Генерала Сухозанета мне следовало встретить самым любезным образом и не браня сказать ему с глава на глаз: «Неудивительно, ваше превосходительство, что вы получили резь в желудке после вчерашней езды, и если находятся люди, которые, не любя вас, сомневаются в этом, то позвольте мне публично оправдать вас. Вы получите Александра Невского, но я требую за это с вашей стороны одной услуги, за которую впоследствии съумею отплатить еще лучше: передайте императору все, что вы здесь видели я слышали».

Третье лицо должно было в то же время уведомить его превосходительство, что вышеупомянутое представление будет сделано императору не ранее как по прошествии восьми дней, когда я узнаю о последствиях данного ему поручения.

Наконец, я должен бы как можно более шуметь о своих подвигах, затем сказаться больным, удалиться в лагерь под Варною, вздремнуть там и попросить Государя посетить меня перед кончиною.

Если бы я был способен сделать все это, то наверно мне было бы также легко завладеть сердцем монарха, как Иродиаде получить голову Иоанна Крестителя, и, в сущности, этим недобросовестным поступком я оказал бы Государю услугу.

Но в книге судеб было написано иначе. Все били того мнения, что я самый плохой в мире дипломат; за то честь моя, как и человека и солдата, осталась незапятнанною.

Высказав таким образом свое мнение генералу Сухозанету и этим навсегда испортив свои отношения к нему и его покровителям, я принялся за начальника императорского главного штаба.

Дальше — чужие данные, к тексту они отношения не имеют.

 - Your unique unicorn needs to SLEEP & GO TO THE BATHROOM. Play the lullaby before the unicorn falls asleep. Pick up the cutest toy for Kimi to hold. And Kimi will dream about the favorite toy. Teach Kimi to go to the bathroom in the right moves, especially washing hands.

Я совершенно просто известил Государя о всем случившемся; никого не обвиняя, я с одушевлением отозвался о храбрости и преданности войск и сожалел о напрасных жертвах, горюя в особенности о потере моего друга Дурново; затем, я обещал его [439] величеству больший успех, если ко мне отнесутся с большим доверием и дадут обещанное мне подкрепление. К этому предложению я присоединил новый план нападения, требуя также войск из-под Шумлы.

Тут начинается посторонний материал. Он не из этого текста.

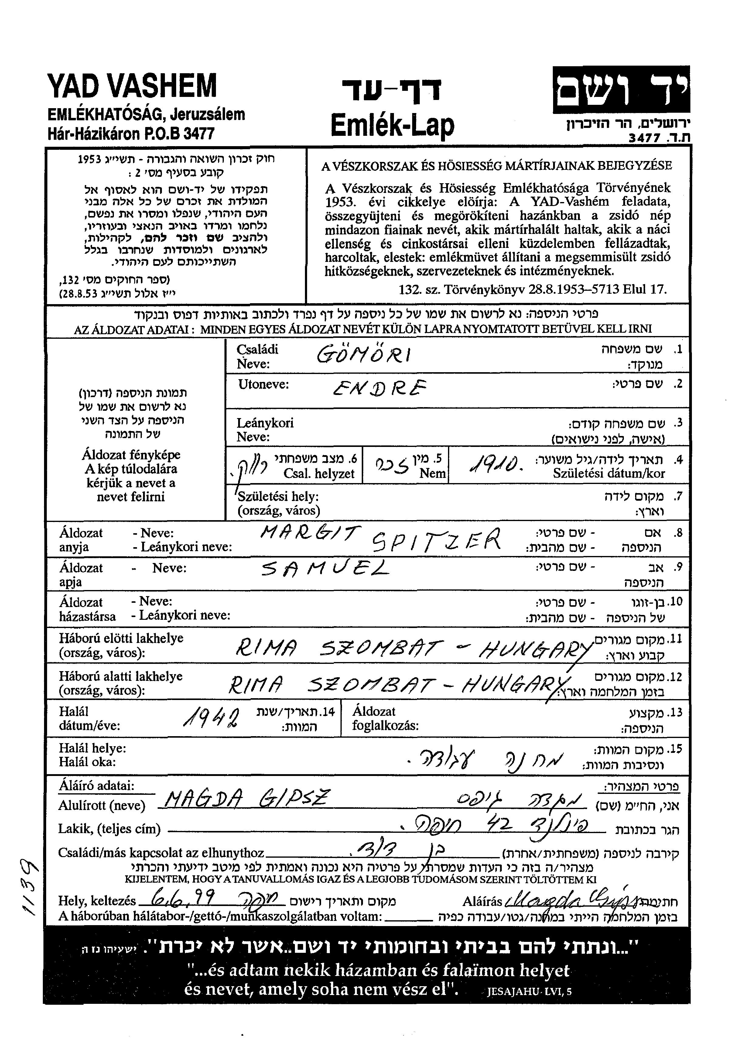 Yad Vashem - Pages of Testimony Names Memorial Collection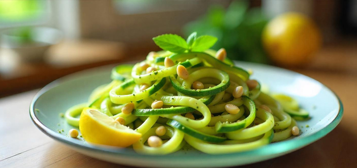 Lehký a zdravý pokrm plný chuti, ideální pro rychlý oběd nebo večeři. Cuketové špagety jsou nízkokalorickou alternativou klasických těstovin a v kombinaci s domácím bazalkovým pestem vytvoří svěží letní jídlo během pár minut.

Графу Дибичу я написал в особом письме:

«После дела жалобы бесполезны и тот, кто не хочет слушать, должен чувствовать; поэтому я умалчиваю о всем случившемся и скажу только о поведении генерала Сухозанета, которое во всех отношениях было недостойно солдата. Относительно же личного оскорбления, нанесенного мне этим генералом, взяв во внимание те причины, в силу которых он послан ко мне, я убедительно прошу г. начальника императорского главного штаба не давать этому делу никаких последствий, чтобы генерал Сухозанет не попал под суд».

В самом письме, коего копия у меня не сохранилась, я ссылался на словесные донесения полковника Молоствова, которого я послал к императору.

Я позволю себе маленькое отступление от своего рассказа и приведу черновую письма, которое я сгоряча 4 написал графу Дибичу, но по зрелом обсуждении оставил неотосланным 5. [440]

(Перевод). «Ваше сиятельство! вот последствия недоверия к донесениям генерала, состарившегося на службе его величества! Вы убедились наконец в печальной истине, потеряв три тысячи храбрых солдат 6 и двух самых храбрых генералов. Ваше сиятельство говорили в своем письме о 12-ти или 15,000 турок, я же насчитывал их до 40,000. Вы говорили мне: следует готовиться к нападению, так как высоты благоприятствуют постановке орудий! Я знаком с употреблением оружия, но я знал также, что условия местности не дозволяют употребить в дело пушки и не допускают правильного движения войск к лесу. Наше разногласие было следствием того, что я находился на месте действий, а вы были на корабле «Париж».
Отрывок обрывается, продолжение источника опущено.